◆ **WHAT YOU HAVE TO DO**:
Begin at the line containing "Gucci lettering logo" in the entries below and end at the line containing "animals and birds"; transcribe that range exactly and nothing outside it.

◆ **MATERIAL FOR THIS TASK**:
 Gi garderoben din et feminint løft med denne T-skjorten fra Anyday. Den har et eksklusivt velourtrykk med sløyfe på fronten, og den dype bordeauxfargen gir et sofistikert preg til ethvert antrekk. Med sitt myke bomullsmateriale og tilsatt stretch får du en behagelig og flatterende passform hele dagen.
---
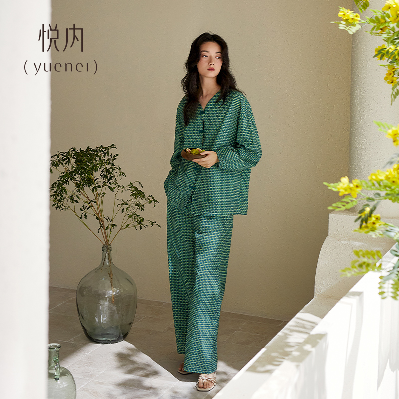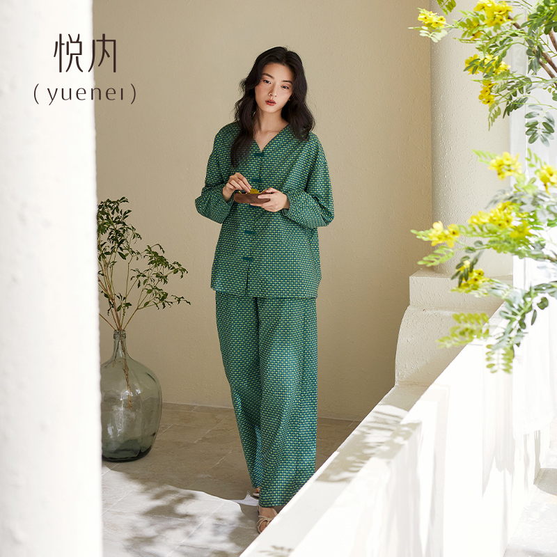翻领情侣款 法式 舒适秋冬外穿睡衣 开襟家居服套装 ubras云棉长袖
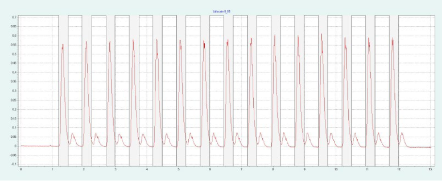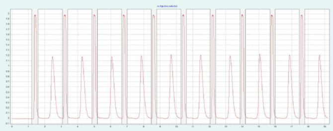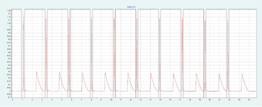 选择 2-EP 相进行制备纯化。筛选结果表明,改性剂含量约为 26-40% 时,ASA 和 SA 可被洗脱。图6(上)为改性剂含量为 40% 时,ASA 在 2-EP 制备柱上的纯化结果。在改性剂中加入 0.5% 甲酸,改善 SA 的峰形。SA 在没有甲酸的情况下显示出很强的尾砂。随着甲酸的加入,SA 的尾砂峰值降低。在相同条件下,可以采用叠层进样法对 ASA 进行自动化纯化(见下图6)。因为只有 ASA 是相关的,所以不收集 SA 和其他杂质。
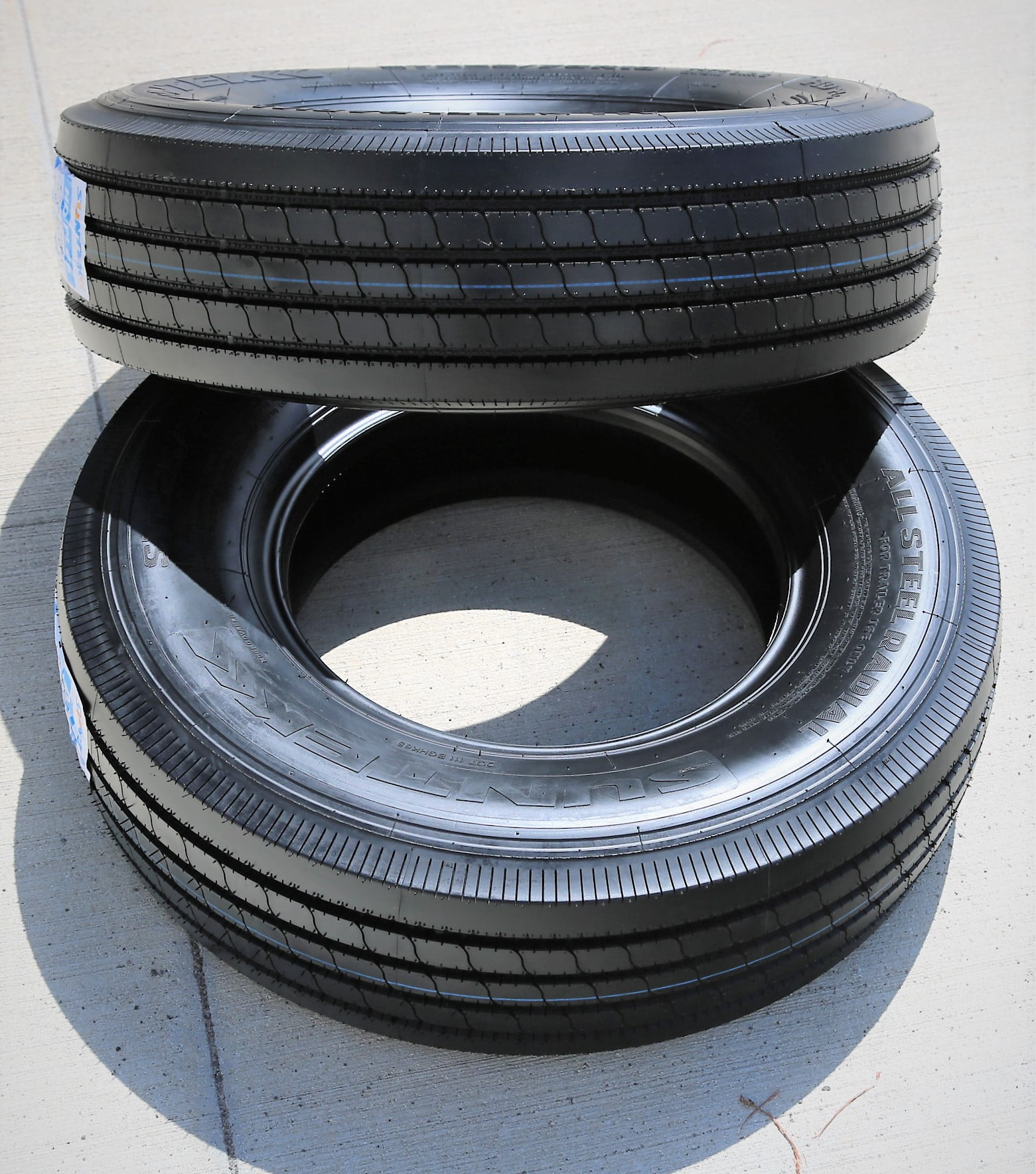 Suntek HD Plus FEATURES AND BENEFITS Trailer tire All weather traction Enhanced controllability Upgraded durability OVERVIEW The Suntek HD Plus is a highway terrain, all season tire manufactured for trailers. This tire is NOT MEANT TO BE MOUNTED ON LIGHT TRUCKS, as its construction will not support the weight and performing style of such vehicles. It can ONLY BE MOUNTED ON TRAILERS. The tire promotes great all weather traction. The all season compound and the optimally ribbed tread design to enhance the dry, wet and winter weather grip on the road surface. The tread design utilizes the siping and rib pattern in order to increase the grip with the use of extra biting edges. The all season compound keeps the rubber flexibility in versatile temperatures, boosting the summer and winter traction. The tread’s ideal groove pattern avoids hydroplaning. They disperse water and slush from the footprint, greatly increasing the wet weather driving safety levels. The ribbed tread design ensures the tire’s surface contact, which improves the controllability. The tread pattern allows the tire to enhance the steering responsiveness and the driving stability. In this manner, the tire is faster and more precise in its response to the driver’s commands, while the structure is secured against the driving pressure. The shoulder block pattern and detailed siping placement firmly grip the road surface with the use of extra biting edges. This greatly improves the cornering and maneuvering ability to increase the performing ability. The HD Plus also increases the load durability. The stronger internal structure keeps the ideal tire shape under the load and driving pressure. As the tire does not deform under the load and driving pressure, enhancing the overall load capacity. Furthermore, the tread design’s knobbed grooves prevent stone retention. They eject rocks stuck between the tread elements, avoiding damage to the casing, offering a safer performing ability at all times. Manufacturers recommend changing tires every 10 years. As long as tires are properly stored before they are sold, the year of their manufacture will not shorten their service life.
---
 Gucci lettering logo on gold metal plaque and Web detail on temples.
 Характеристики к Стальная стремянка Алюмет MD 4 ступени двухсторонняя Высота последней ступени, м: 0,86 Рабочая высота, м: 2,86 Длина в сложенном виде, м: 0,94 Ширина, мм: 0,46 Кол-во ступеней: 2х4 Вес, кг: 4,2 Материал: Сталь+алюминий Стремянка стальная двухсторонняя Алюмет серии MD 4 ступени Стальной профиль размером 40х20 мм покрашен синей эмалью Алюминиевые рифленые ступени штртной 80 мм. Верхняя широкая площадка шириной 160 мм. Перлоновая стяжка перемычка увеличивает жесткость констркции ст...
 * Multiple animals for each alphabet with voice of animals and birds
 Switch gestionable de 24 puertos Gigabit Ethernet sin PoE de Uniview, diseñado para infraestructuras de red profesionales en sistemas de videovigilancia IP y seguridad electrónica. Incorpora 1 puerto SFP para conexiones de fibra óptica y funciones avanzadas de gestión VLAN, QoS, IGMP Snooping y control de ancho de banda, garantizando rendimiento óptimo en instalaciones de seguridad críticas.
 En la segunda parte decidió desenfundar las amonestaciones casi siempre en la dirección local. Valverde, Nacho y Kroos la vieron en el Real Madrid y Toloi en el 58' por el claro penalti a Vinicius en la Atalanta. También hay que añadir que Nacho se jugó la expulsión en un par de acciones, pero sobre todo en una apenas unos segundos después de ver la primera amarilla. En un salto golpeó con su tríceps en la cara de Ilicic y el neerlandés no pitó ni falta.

◆ **RESPONSE AREA**:
 Gucci lettering logo on gold metal plaque and Web detail on temples.
 Характеристики к Стальная стремянка Алюмет MD 4 ступени двухсторонняя Высота последней ступени, м: 0,86 Рабочая высота, м: 2,86 Длина в сложенном виде, м: 0,94 Ширина, мм: 0,46 Кол-во ступеней: 2х4 Вес, кг: 4,2 Материал: Сталь+алюминий Стремянка стальная двухсторонняя Алюмет серии MD 4 ступени Стальной профиль размером 40х20 мм покрашен синей эмалью Алюминиевые рифленые ступени штртной 80 мм. Верхняя широкая площадка шириной 160 мм. Перлоновая стяжка перемычка увеличивает жесткость констркции ст...
 * Multiple animals for each alphabet with voice of animals and birds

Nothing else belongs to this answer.